Question

You both throw 2 snowballs from an elevation of 14 m with the same initial speed of 12 m/s, but in different directions. You throw your snowball downward, at 40° below the horizontal;the other upward, at 40° above the horizontal. What is the speed of each ball when it is 5.0 m above the ground? (Neglect air resistance)
so Vox=Unknown and Voy= 12m/s
tan(40)=Vy/Vx so i got Vox=7.713m/s
velocity in the x vector doesn't change (no acceleration) so vf=7.713
Vf^2= V0^2+2gh and got Vfy=17.905
To get speed: V=sqrt(17.905^2 + 7.713^2) and got 19.50 m/s but it isnt correct. Any help is appreciated

Answer 1

I feel like the part I might have messed up on what determining what the initial velocity was for, whether it is a y vector or to be used as an hypotenuse to determine the relative x and y vector velocities. I have been working on the question for a long time and any help is appreciated

Answer 2

Ok, first thing I notice is that Voy (initial velocity in the y direction) isn't 12 m/s.

To decompose vectors into the x and y coordinates, we need to make a triangle and use trig functions.

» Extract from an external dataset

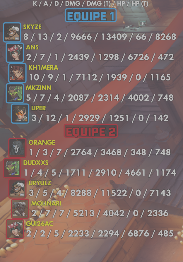 10 entries| Team | Player | Kills | Assists | Deaths | Damage | Damage (Taken) | Healing | Healing (Taken) |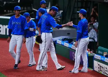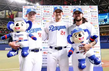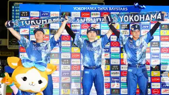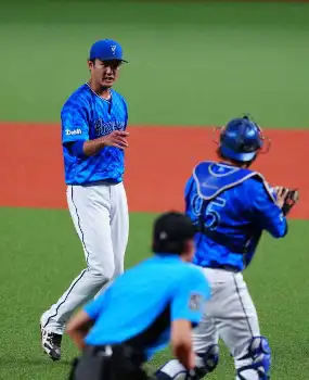 イースタン・リーグ<西・D>初回、無失点で抑え、チームメートに迎えられるDeNAの先発・藤浪(中央)=撮影・木村 揚輔

Vi is your initial velocity. In this case, it's 12 m/s, and theta (The O with a belt on it) is your angle (+40 for one snowball, -40 for the other).

Can you find Vx and Vy for your snowballs?

Answer 3

exactly what I needed thank you! and the speeds are the same correct?

Answer 4

Once you get that, your approach should work fine.

Alternatively, we could examine the energy:
\[\frac{1}{2}mv_f^2 = \frac{1}{2}mv_i^2 + mg\Delta h\]
\[\frac{1}{2}v_f^2 = \frac{1}{2}v_i^2 + g\Delta h\]
\[v_f^2 = v_i^2 + 2g\Delta h\]
Where Delta h is the change in height from the starting point.

You'll notice that this is exactly what your final equation is.

Answer 5

Yep, the speeds will be the same for both snowballs :)

Answer 6

Youre awesome. Thank you again!

Answer 7

My pleasure :)